Engber’s letter certainly got me thinking that direction.
I think it’s useful to try to think of such things, because by examining
and discussing them, some of them might come to pass.
So in that spirit, here’s my candidate list:
- Make spam illegal. Make sending unsolicited bulk email (spam) illegal, and in particular, require that people OPT-IN to receive messages sent in bulk. The current ‘opt-out’ system in the U.S. is silly, and always was. As essentially all information about spam notes, “Never Reply To Spam”. “Don’t [reply] to the spam message or [try] to send email to an email address given in the body of the spam and asking to be removed from the mailing list… spammers are much too sophisticated now for replies to affect them at all. And the From: addresses in spam messages are usually faked anyway.” Responding “just identifies you as a real person who read their message”. Europeans have the more sensible opt-in system. Laws do make a differenace; far more spam is U.S. than European in origin, due to the U.S.’s lax laws. It’s not that spam hard to define; if more than 1000 people (say) receive it, and they didn’t sign up for it (e.g., by signing up for a mailing list), it’s spam. A law will not solve everything, but it would help; technical measures can only go so far, and need laws to help make them work. The U.S. currently protects fax machines from spam, and that has worked! The current CAN-SPAM law legalizes spam - and thus is a sick joke. It’s time to make it illegal, to protect all of our inboxes.
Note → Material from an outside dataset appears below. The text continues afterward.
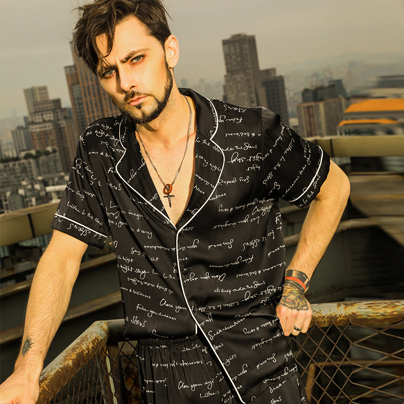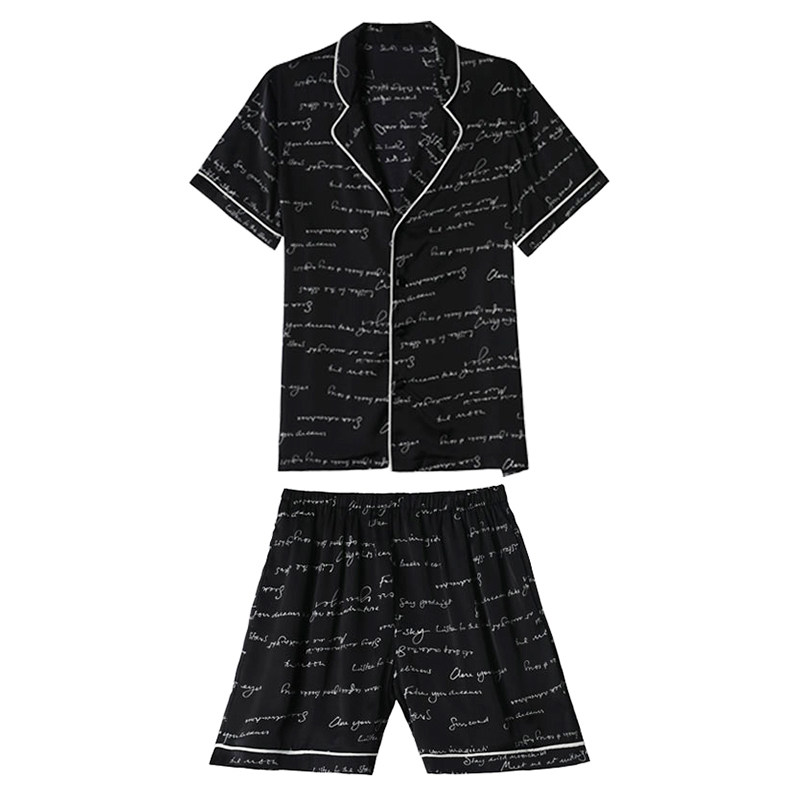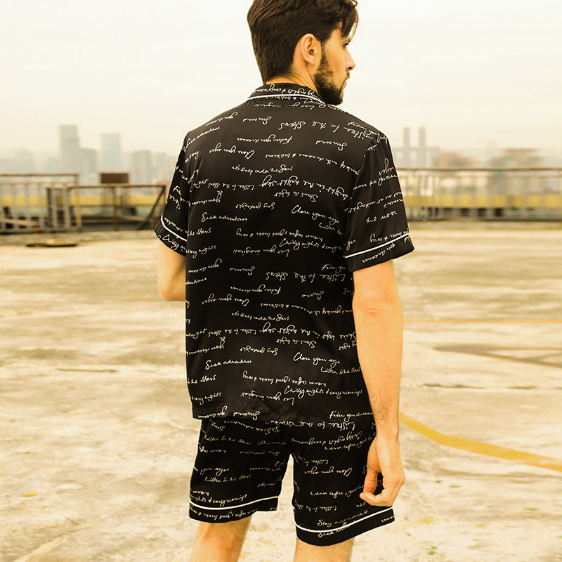 Men's sleepwear Summer Ice Silk 2021 New thin letter printed short sleeve shorts can be worn outside the home suit suit

- Require public access (free via web) to federally-funded research. Put all federally-funded unclassified research papers on the web, with no fees or sign-ins, so that a Google search can find it. NIH is already doing this; see the NIH public access policy. NIH isn’t perfect; their “12 month” period is silly (the web publication should occur immediately). Still, it’s an improvement, and it’s absurd that this is limited to NIH; federally-funded research should be published government-wide, no matter what arm it came from. Why should the public pay for research, then pay again to read it? Just imagine how much faster research could go if anyone could quickly click and review the latest research. Just imagine how much better the public could be informed if they could easily read U.S. research on a topic… instead of only having the flim-flam artists. I think I could make a good case that in academic research, the word “published” is increasingly meaning “accessible via Google”; anything Google can’t find doesn’t exist to many people. It’s shameful how certain publishers effectively steal U.S. research for private gain through monopolistic publishing contracts - they do not pay for the research, and typically they don’t even pay the researchers or reviewers! If you want exclusive rights to publish research, then you should pay all the costs of performing the research. I can see a case where the publisher footed 50% of the research bill (not just the paper-writing costs) and got a one-year publication delay, but the “owning” of research papers is indefensible. If you accept government money - and the government is of the people, by the people, and for the people - then the people should be receiving the research results. Let’s get rid of the unnecessary intermediaries and “poll taxes” on U.S. funded research.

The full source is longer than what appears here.